• [Exercise brief]: Write out exactly the lines between the line containing "Celine新款卡包,Tri" and the end of the records, counting both ends, and leave out all pictures.

** Data for this exercise follows **

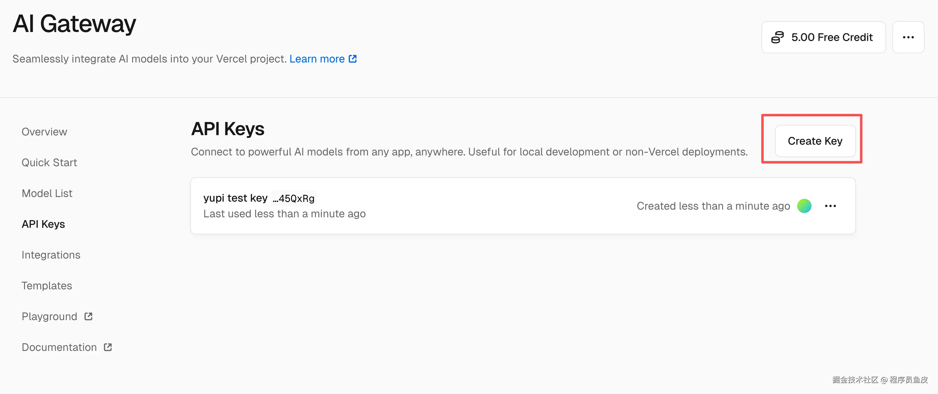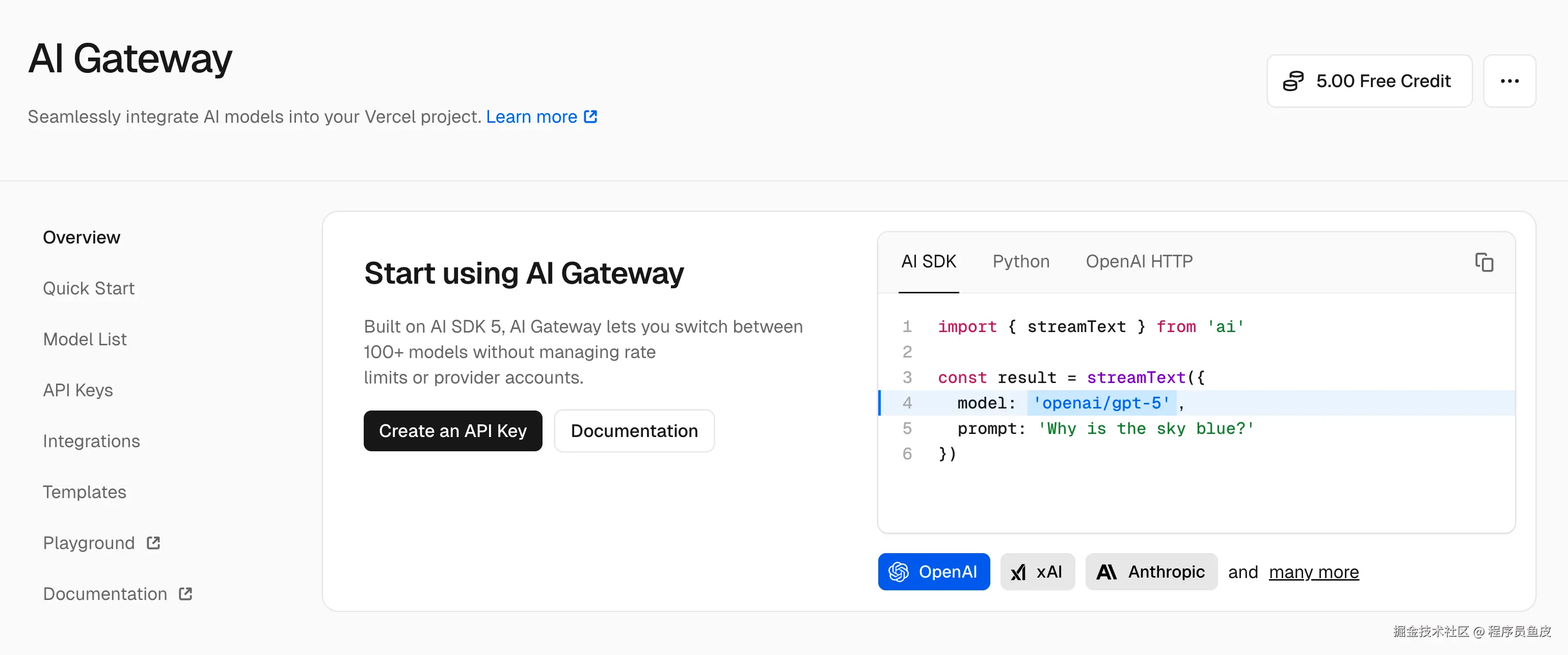 而且 Vercel AI Gateway 支持对接 500 多个大模型,还有免费额度,非常适合学习和小项目。
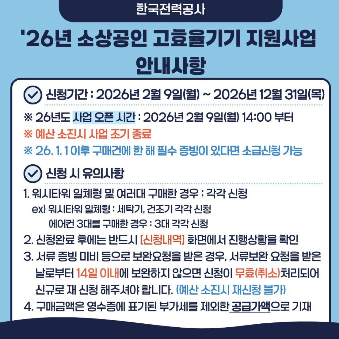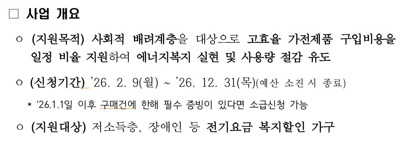 현재 기준으로 고효율 기기·가전 보조금 지원 사업의 세부 일정은 아직 공식 공고 전입니다.
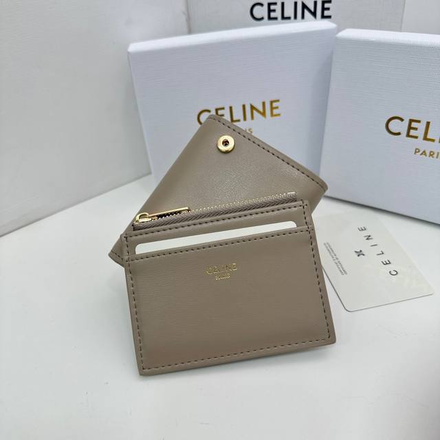 Celine新款卡包,Triomphe名片包,经典花纹大面内配平纹超纤,金色饰面Triomphe金属按扣开合,1个加厚主隔层,3个内侧卡槽。...
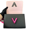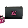 This is an authentic Louis Vuitton Twist PM Shoulder Epi in Black and Pink. This stylish shoulder bag is made of textured epi leather in black. The bag has a black matte shoulder strap with a leather pad and a pink LV twist lock on the front flap. Inside, there's a pink microfiber interior with flat pockets.
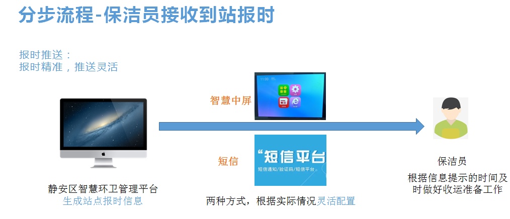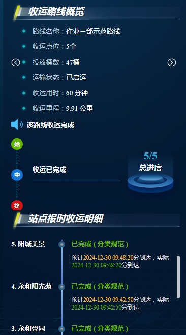 当清运车辆到达清运点位时,工作人员进行垃圾清运,实时上传当次收运量,并可及时上报收运过程中的异常情况,上报情况将同步到“垃圾清运精准报时”电子显示屏,便于属地街镇和保洁管理人员及时了解收运情况。点位清运完成后,将实时触发对下一个点位的报时推送,确保各点位之间信息畅通、无缝衔接。
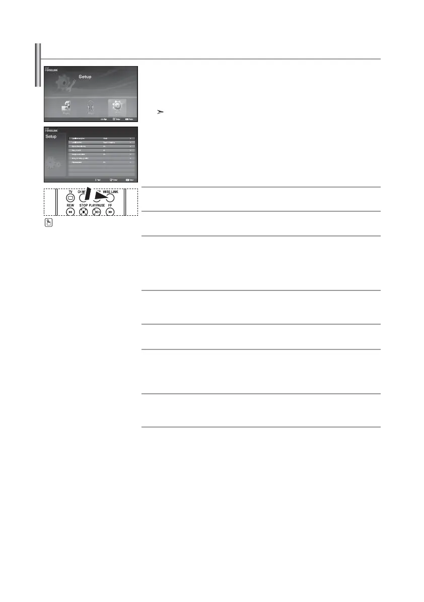 Setup (Oppsett) viser brukerinnstillingene i WISELINK-menyen.
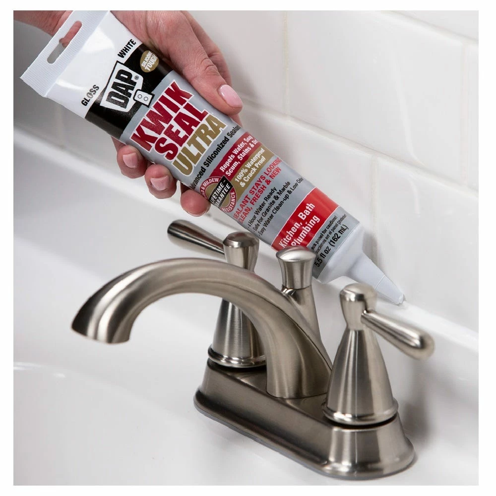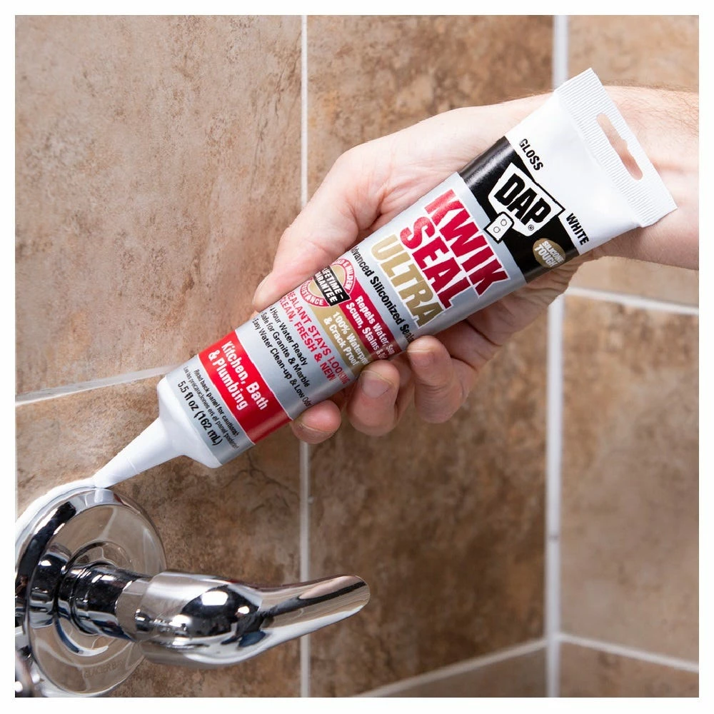 DAP Kwik Seal Ultra Advanced Kitchen & Bath Sealant is formulated with innovative ultra-hydrophobic technology that repels water, dirt and stains and offers a lifetime mold and mildew resistance guarantee so the sealant stays looking clean, fresh and new. It is 100% waterproof and crackproof and can be exposed to water in as little as 4 hours after application without washing out. KWIK SEAL ULTRA has strong multi-surface adhesion and excellent flexibility for long lasting durability. Safe for granite and marble. The easy-to-use formula applies easily, tools smoothly, is low in odor and cleans up with water. Interior use.

** End of Data for this exercise **

• [Answer to the exercise]:
 Celine新款卡包,Triomphe名片包,经典花纹大面内配平纹超纤,金色饰面Triomphe金属按扣开合,1个加厚主隔层,3个内侧卡槽。...
 This is an authentic Louis Vuitton Twist PM Shoulder Epi in Black and Pink. This stylish shoulder bag is made of textured epi leather in black. The bag has a black matte shoulder strap with a leather pad and a pink LV twist lock on the front flap. Inside, there's a pink microfiber interior with flat pockets.
 当清运车辆到达清运点位时,工作人员进行垃圾清运,实时上传当次收运量,并可及时上报收运过程中的异常情况,上报情况将同步到“垃圾清运精准报时”电子显示屏,便于属地街镇和保洁管理人员及时了解收运情况。点位清运完成后,将实时触发对下一个点位的报时推送,确保各点位之间信息畅通、无缝衔接。
 Setup (Oppsett) viser brukerinnstillingene i WISELINK-menyen.
 DAP Kwik Seal Ultra Advanced Kitchen & Bath Sealant is formulated with innovative ultra-hydrophobic technology that repels water, dirt and stains and offers a lifetime mold and mildew resistance guarantee so the sealant stays looking clean, fresh and new. It is 100% waterproof and crackproof and can be exposed to water in as little as 4 hours after application without washing out. KWIK SEAL ULTRA has strong multi-surface adhesion and excellent flexibility for long lasting durability. Safe for granite and marble. The easy-to-use formula applies easily, tools smoothly, is low in odor and cleans up with water. Interior use.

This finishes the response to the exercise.